Goh shared that the MCO also saw WOW speeding up the opening of its community sewing centre in Ara Damansara, Petaling Jaya in Selangor.
It was originally slated to open in the third quarter of this year.
“We were able to gather the sewing machines quickly, then collaborated with Biji-Biji Initiative to teach the women how to sew PPE and gain some income from that.
“They will be taught how to sew other items later on, ” she said.
She added that WOW believed in upskilling women based on their skill set and passion.
“We are looking at consolidating our programmes based on lessons learnt during the MCO and adapting them to fit the new normal.
“The adaptation is important to ensure the programmes’ sustainability and to improve WOW’s structure as an NGO, ” Goh elaborated.
She said some 1,300 women in eight PPR flats across Kuala Lumpur and Selangor as well as in Keningau, Sabah, had undergone WOW’s programmes.
“Hasanah understands the impact of long-term partnerships and their collaboration with us has made us a stronger organisation.
“We have also worked with some of the foundation’s partners to connect and support each other on our projects, ” she added.
On Hasanah Foundation’s support for WOW, its community development head Anita Ahmad said: “Community development is one of our focus areas, in addition to education, environment, arts and public spaces as well as knowledge.

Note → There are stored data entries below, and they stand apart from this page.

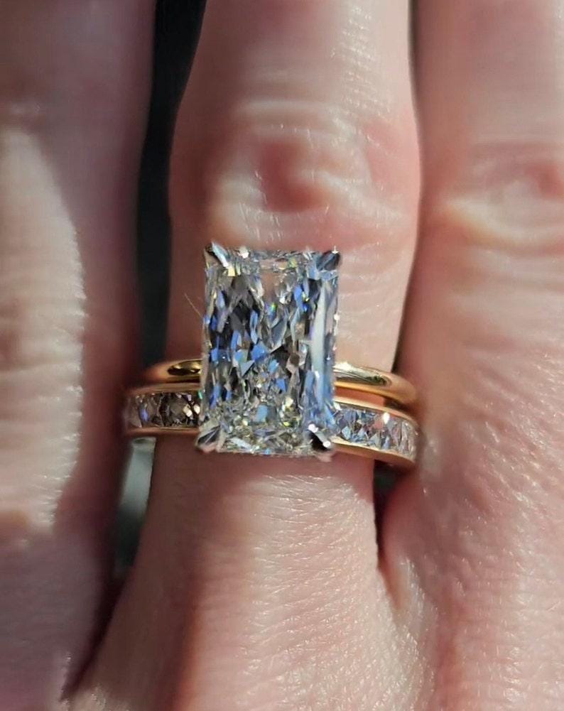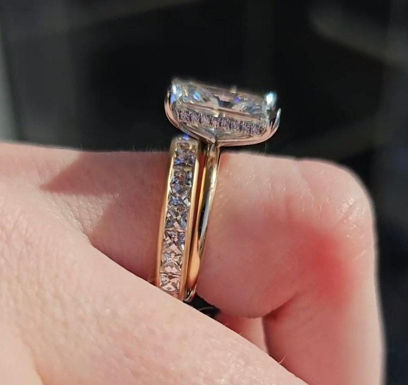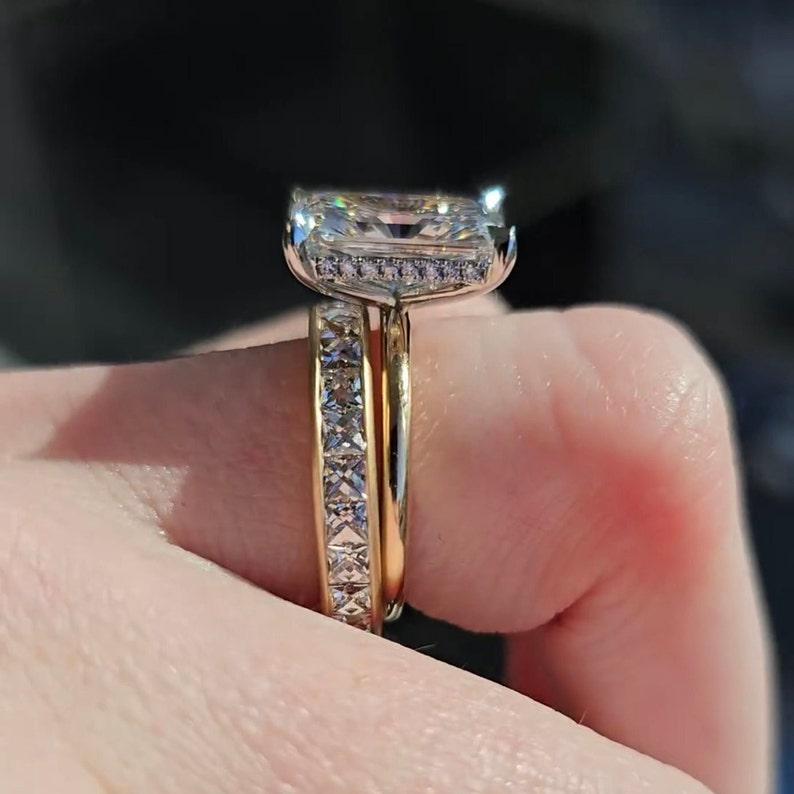 3.00 CT Radiant Moissanite Diamond Bridal Ring Set Solid Gold Art Nouveau Engagement Ring Anniversary Celebration Set Wedding Gift Ring Set
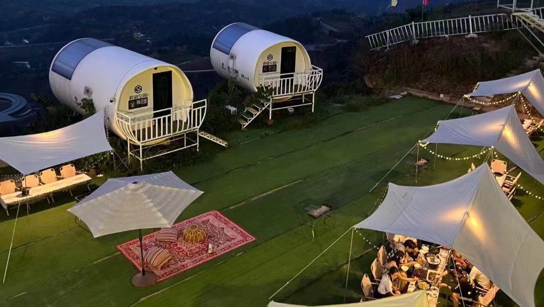一半是榻榻米的日式茶席,一半 是长木桌椅的餐位,落地窗印衬 着山谷间翻滚的云海使茶室自带 仙气。山居的早餐基本上以五谷 杂粮为主,晚餐则是主打农家菜。 来云山居当然少不了喝茶。除了 在房间、小客厅可以品茶,下午 也可以在茶室喝下午茶,中式点 心配上香茶与美景,云端茶室, 与光同尘。天坪山露营基地电话:17323964384
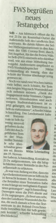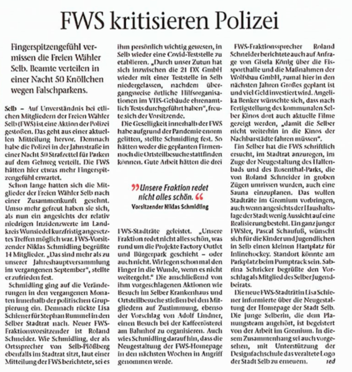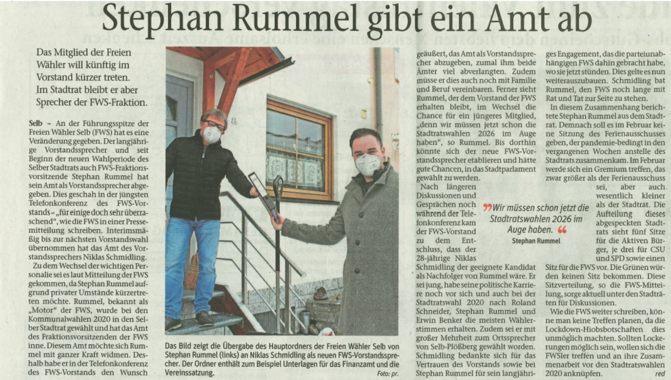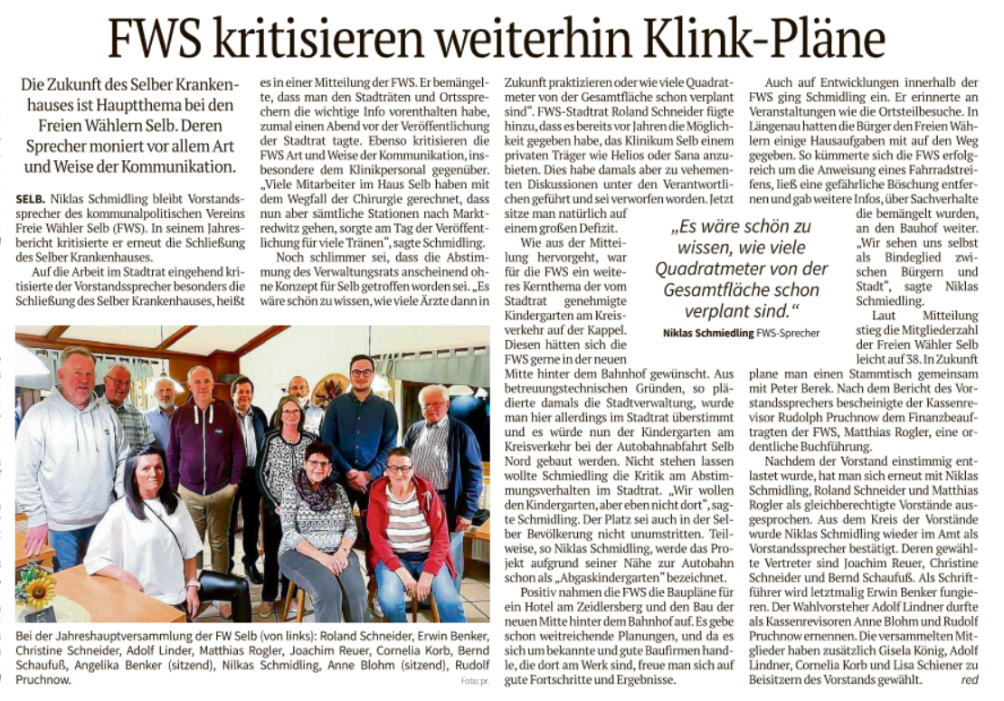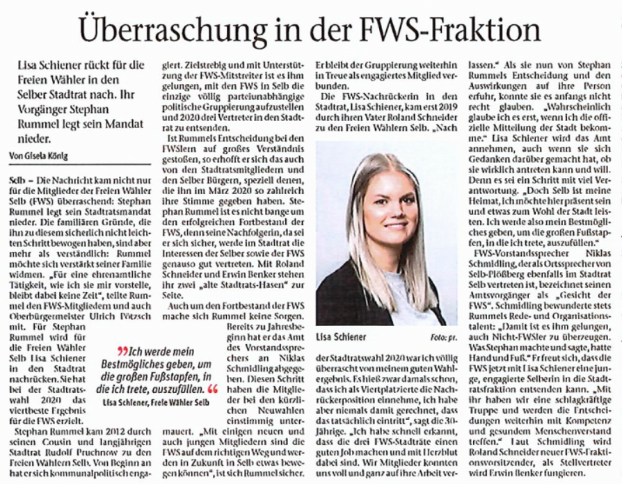 Zum Hintergrund: Die FWS sind eine parteifreie, unabhängige Wählergruppe und gehören nicht der Landesvereinigung der Freien Wähler Bayern an. Derzeit gehören aus den FWS-Reihen Roland Schneider, Erwin Benker und Lisa Schiener dem Selber Stadtrat an. Zudem stellt die Gruppierung drei Ortssprecher: Thomas Rohstock, Bernd Schaufuß und OB-Kandidat Niklas Schmidling.

“By providing training, coaching and continuous engagement, WOW’s programme helps empower a vulnerable community to be more self-sustainable and it grooms community leaders.
“We provide interest-free micro loans to help the women if they want to expand their businesses.”
Anita explained that Hasanah, a grant-giving foundation by Khazanah Nasional, aimed to empower and enable Malaysian civil society organisations to undertake community initiatives that improved the lives of vulnerable groups in the country.
“We build the NGO community in Malaysia by providing training on how they can improve their programmes, management and cross-learning as well as offering a networking platform.
“As part of the Economic Stimulus 2020, we partnered with Finance Ministry for the Hasanah Special Grant 2020 to support social programmes that improve quality of life for vulnerable communities such as Orang Asli and the homeless.
“The funds can be used to help poor families recover from the Covid-19 pandemic and enable rapid mobilisation of resources by NGOs to extend assistance, ” she explained, citing as example training for teachers to learn how to utilise digital tools to teach online.
Anita noted that the MCO was the push that most NGOs needed to move towards the digital initiative and adapt their programmes to suit the community’s needs.
“They will have to use other tools to communicate, raise funds and identify beneficiaries, ” she said.
“It is tough but it is the kind of change we have been pushing for, necessary to ensure the NGOs’ efforts remain relevant and sustainable.”